On land where enslaved people were once tortured and murdered, the state built a penal colony in the wilderness, where inmates could be rehabilitated, but never escape. Now, decades later, and having only succeeded in trapping men, not changing them for the better, its operations are winding down. But in the prison’s waning days, a new horror is unleashed: every full-moon night, the inmates are released, the warden is armed with rifles, and the hunt begins. Every man plans his escape, not knowing if his end will come at the hands of a familiar face, or from the unknown dangers beyond the prison walls. Ana Paula Maia has once again delivered a bracing vision of our potential for violence, and our collective failure to account for the consequences of our social and political action, or inaction.
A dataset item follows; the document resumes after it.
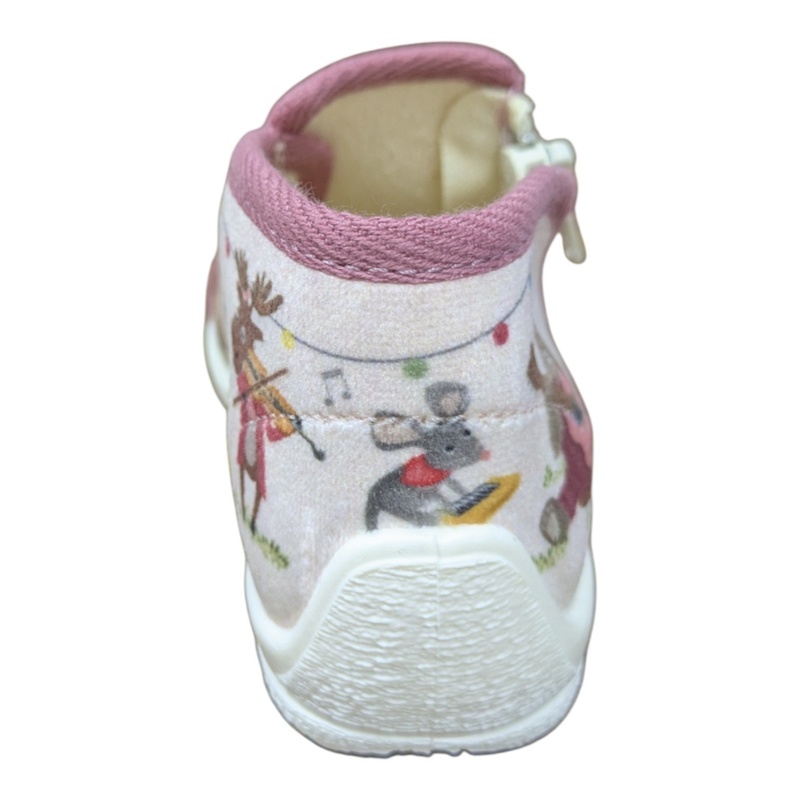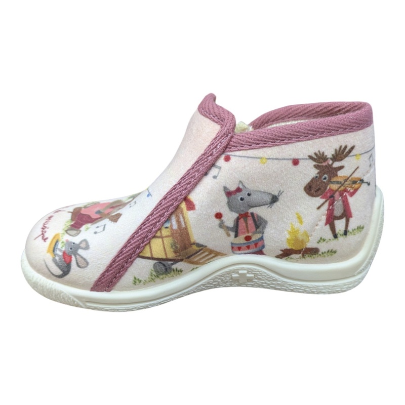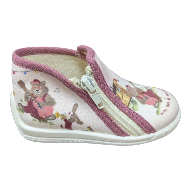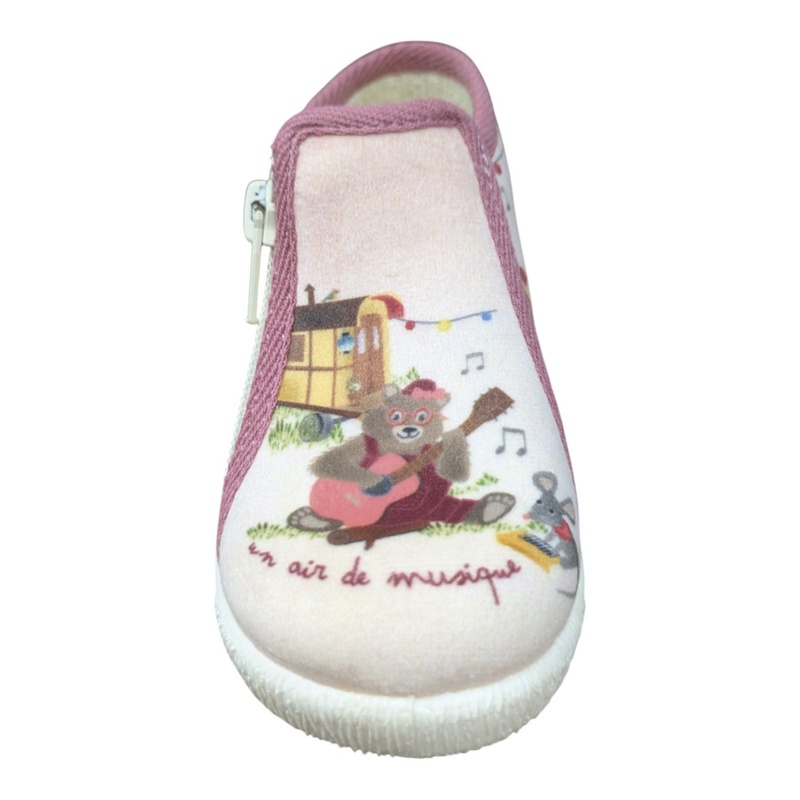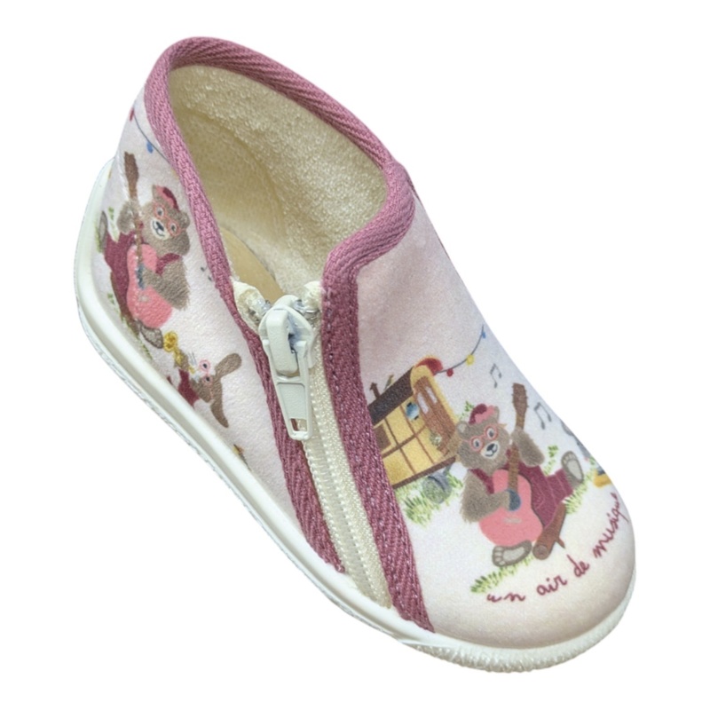Ce chausson BELLAMY au coloris beige et rose séduira par son joli motif d’ourson jouant de la musique.

No crime is committed out of view for this novelist, and her raw, brutal power enlists us all as witness.
Circa l’autore
Padma Viswanathan is a Canadian-American writer and translator. Her novels have been published in eight countries and shortlisted for the PEN USA Prize, the Scotiabank Giller Prize, and others. She has published short fiction, essays and translations in Granta, The Boston Review, BRICK , and elsewhere. Full-length translations include São Bernardo , by Brazilian novelist Graciliano Ramos and Where We Stand , by Djamila Ribeiro. Her most recent novel, The Charterhouse of Padma , came out in 2024. She is Professor of Creative Writing at the University of Arkansas—Fayetteville, where she is Founding Director of the Arkansas International Writer-at-Risk Residency Program.